===== LISTED RECORDS

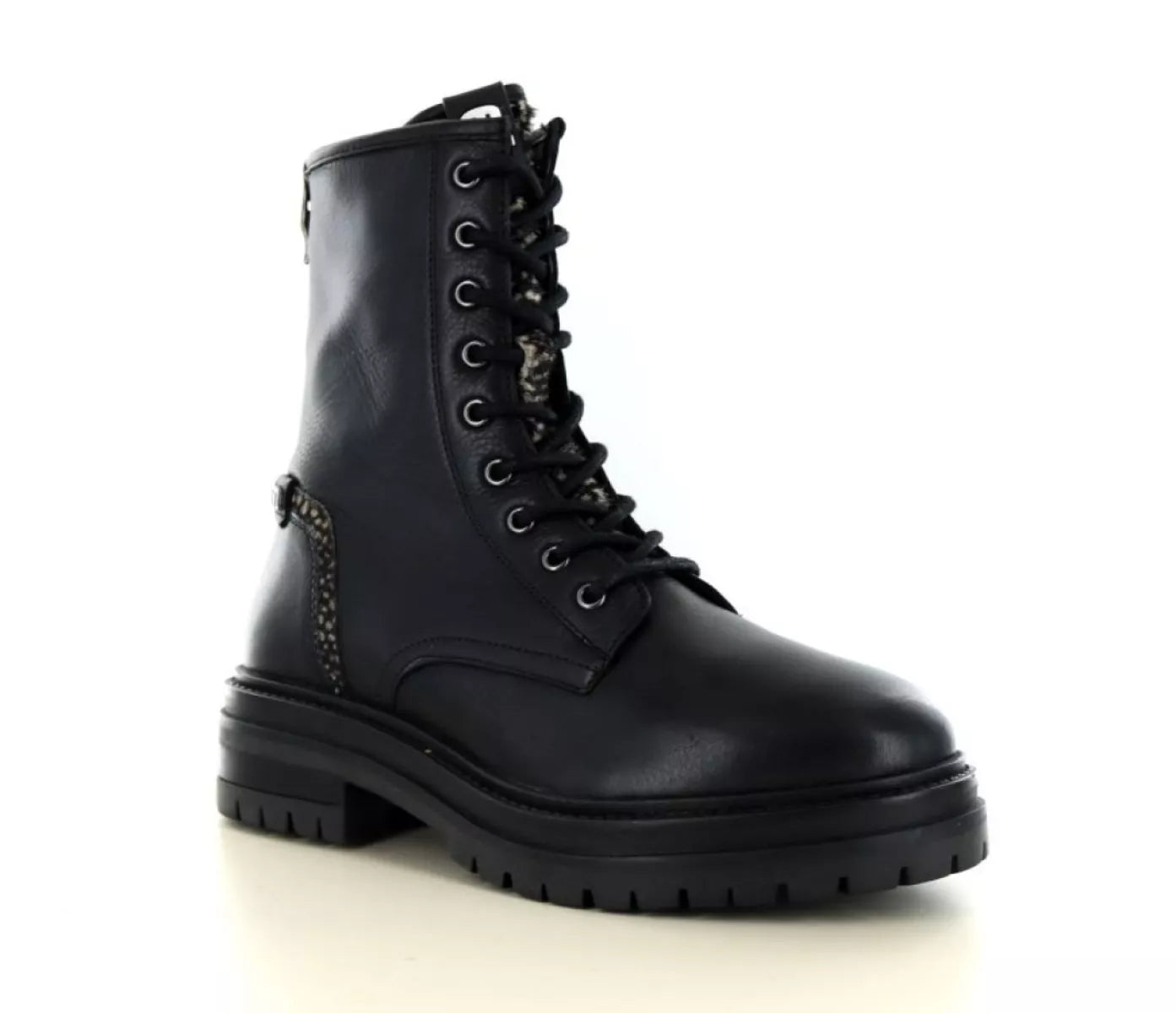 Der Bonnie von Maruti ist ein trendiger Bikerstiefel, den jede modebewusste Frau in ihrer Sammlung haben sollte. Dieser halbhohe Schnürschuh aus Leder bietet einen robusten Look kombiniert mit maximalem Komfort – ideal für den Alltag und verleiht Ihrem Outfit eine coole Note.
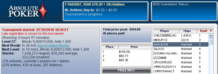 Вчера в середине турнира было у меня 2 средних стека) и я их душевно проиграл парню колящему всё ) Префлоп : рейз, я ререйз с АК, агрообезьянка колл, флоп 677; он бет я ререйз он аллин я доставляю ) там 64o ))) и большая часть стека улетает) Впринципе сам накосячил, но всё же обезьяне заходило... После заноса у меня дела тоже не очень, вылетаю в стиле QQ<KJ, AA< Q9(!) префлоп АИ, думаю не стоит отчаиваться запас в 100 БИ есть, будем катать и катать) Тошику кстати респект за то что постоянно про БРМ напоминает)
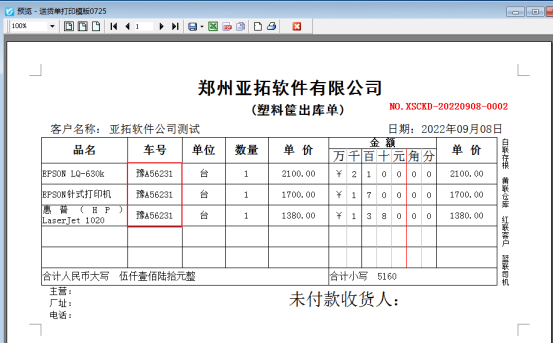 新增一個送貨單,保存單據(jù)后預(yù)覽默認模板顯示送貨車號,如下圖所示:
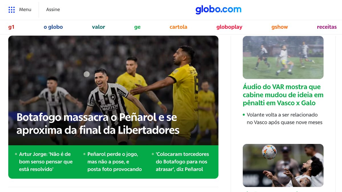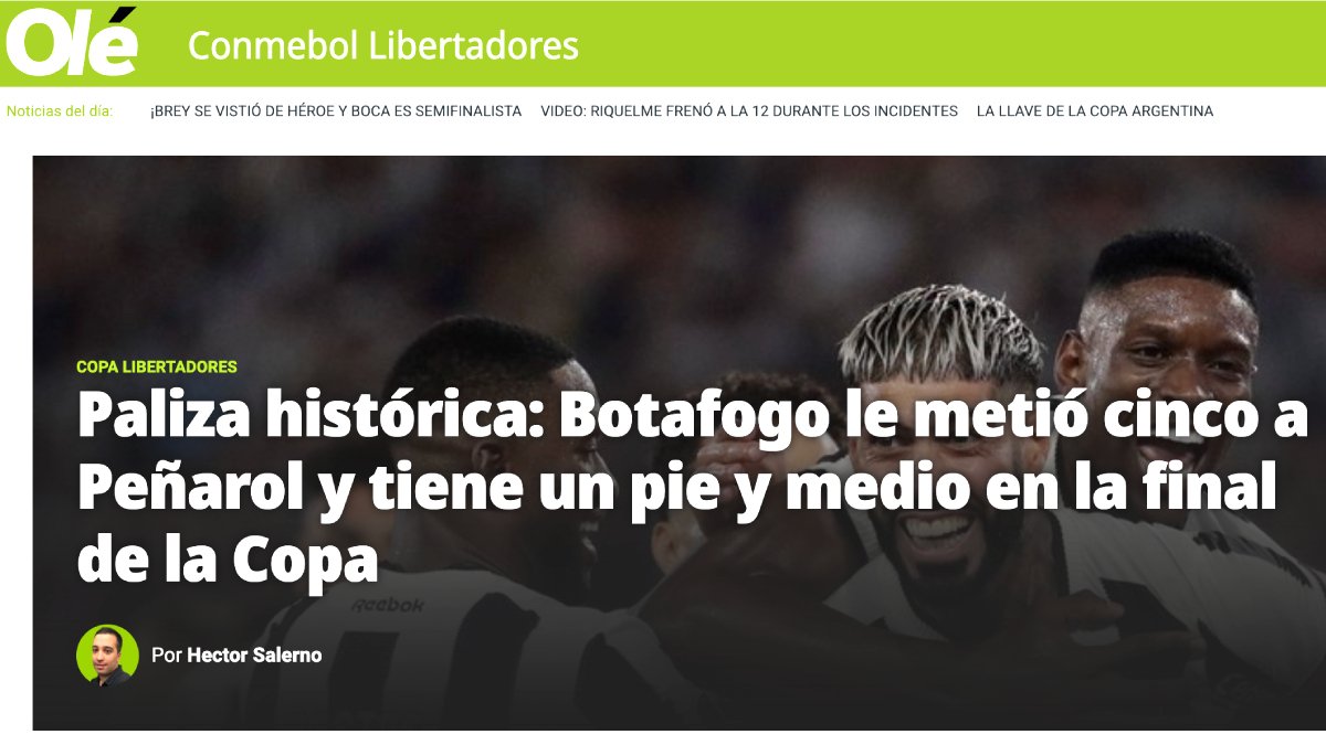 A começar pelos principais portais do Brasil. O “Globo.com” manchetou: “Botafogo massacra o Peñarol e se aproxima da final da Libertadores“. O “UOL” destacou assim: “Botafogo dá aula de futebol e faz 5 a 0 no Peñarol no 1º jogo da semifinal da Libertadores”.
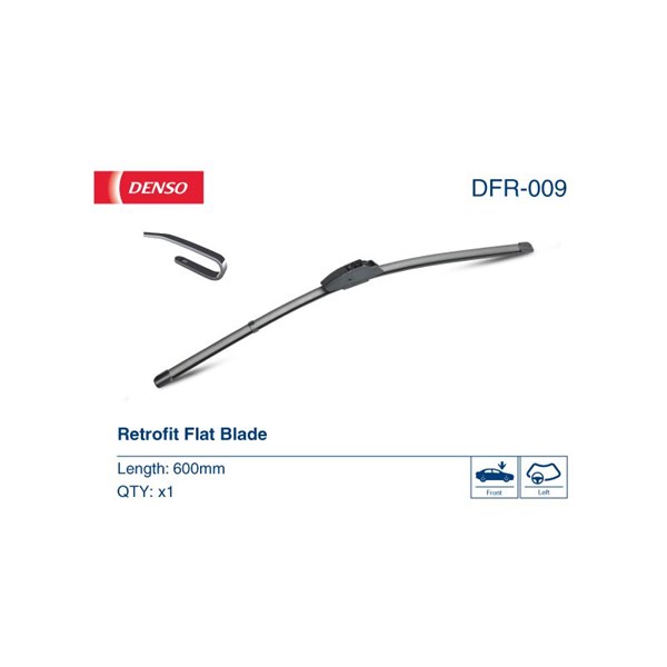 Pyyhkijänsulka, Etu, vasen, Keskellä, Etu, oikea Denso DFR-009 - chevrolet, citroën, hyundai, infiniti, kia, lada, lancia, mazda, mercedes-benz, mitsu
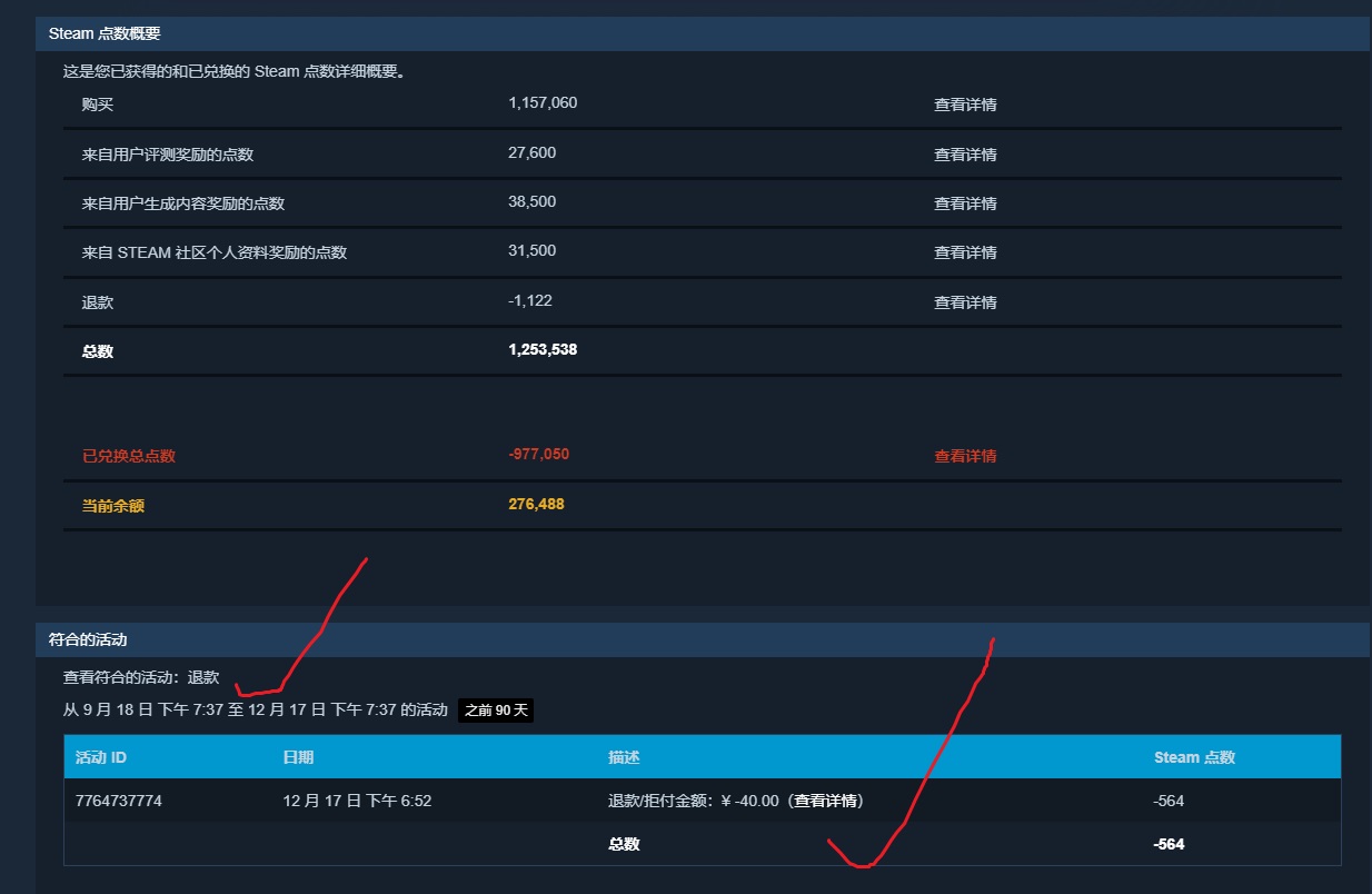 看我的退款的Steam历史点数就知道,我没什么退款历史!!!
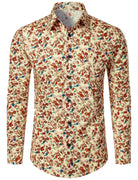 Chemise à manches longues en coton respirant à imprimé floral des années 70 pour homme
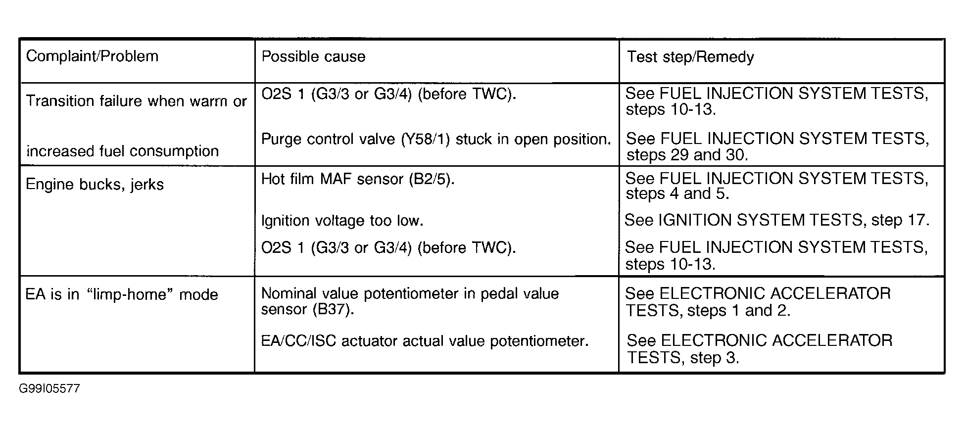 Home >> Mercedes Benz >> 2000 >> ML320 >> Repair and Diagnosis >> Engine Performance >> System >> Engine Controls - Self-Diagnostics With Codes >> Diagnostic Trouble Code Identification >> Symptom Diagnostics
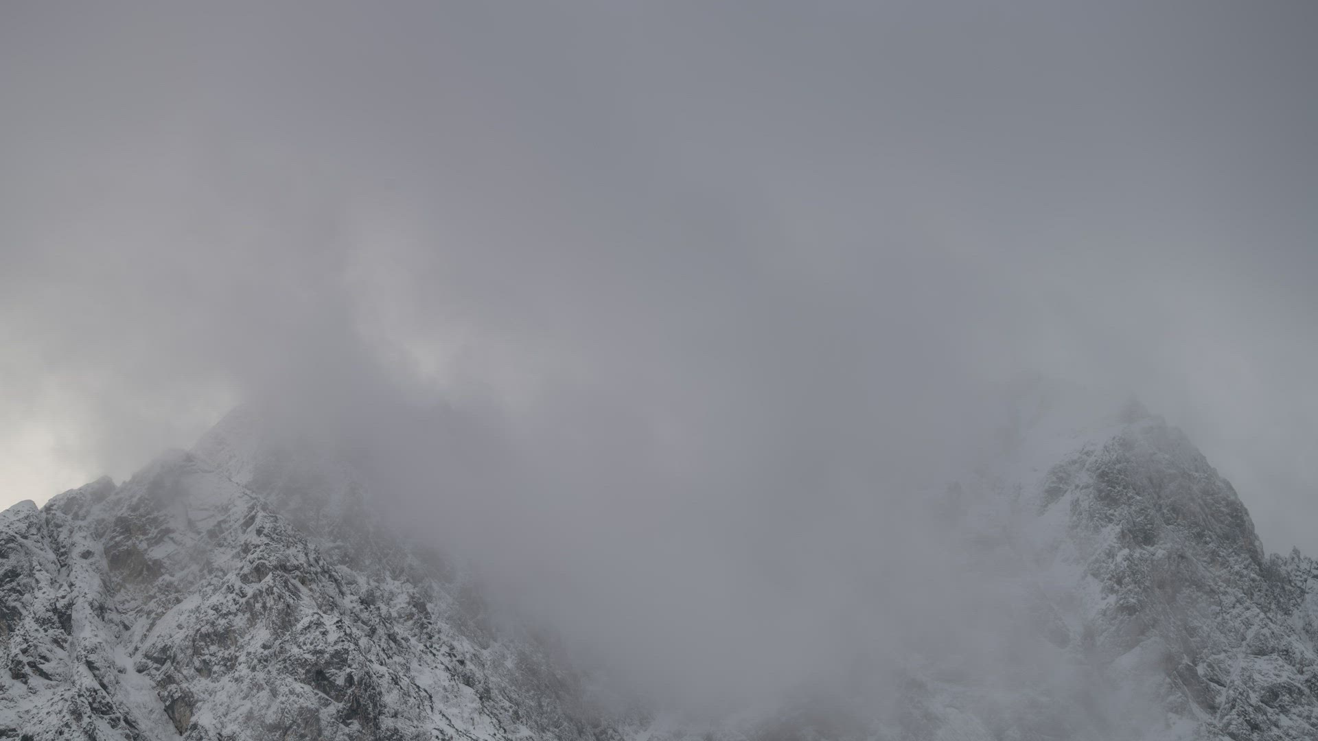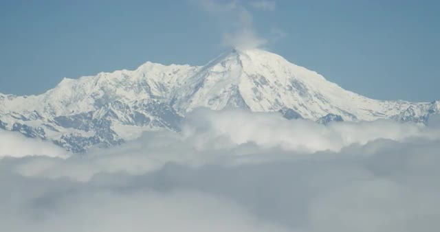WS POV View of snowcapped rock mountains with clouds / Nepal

==========

YOUR OBJECTIVE -> Leaving out the pictures, return the records exactly as given.

EXERCISE SOLUTION ->
 Der Bonnie von Maruti ist ein trendiger Bikerstiefel, den jede modebewusste Frau in ihrer Sammlung haben sollte. Dieser halbhohe Schnürschuh aus Leder bietet einen robusten Look kombiniert mit maximalem Komfort – ideal für den Alltag und verleiht Ihrem Outfit eine coole Note.
 Вчера в середине турнира было у меня 2 средних стека) и я их душевно проиграл парню колящему всё ) Префлоп : рейз, я ререйз с АК, агрообезьянка колл, флоп 677; он бет я ререйз он аллин я доставляю ) там 64o ))) и большая часть стека улетает) Впринципе сам накосячил, но всё же обезьяне заходило... После заноса у меня дела тоже не очень, вылетаю в стиле QQ<KJ, AA< Q9(!) префлоп АИ, думаю не стоит отчаиваться запас в 100 БИ есть, будем катать и катать) Тошику кстати респект за то что постоянно про БРМ напоминает)
 新增一個送貨單,保存單據(jù)后預(yù)覽默認模板顯示送貨車號,如下圖所示:
 A começar pelos principais portais do Brasil. O “Globo.com” manchetou: “Botafogo massacra o Peñarol e se aproxima da final da Libertadores“. O “UOL” destacou assim: “Botafogo dá aula de futebol e faz 5 a 0 no Peñarol no 1º jogo da semifinal da Libertadores”.
 Pyyhkijänsulka, Etu, vasen, Keskellä, Etu, oikea Denso DFR-009 - chevrolet, citroën, hyundai, infiniti, kia, lada, lancia, mazda, mercedes-benz, mitsu
 看我的退款的Steam历史点数就知道,我没什么退款历史!!!
 Chemise à manches longues en coton respirant à imprimé floral des années 70 pour homme
 Home >> Mercedes Benz >> 2000 >> ML320 >> Repair and Diagnosis >> Engine Performance >> System >> Engine Controls - Self-Diagnostics With Codes >> Diagnostic Trouble Code Identification >> Symptom Diagnostics
WS POV View of snowcapped rock mountains with clouds / Nepal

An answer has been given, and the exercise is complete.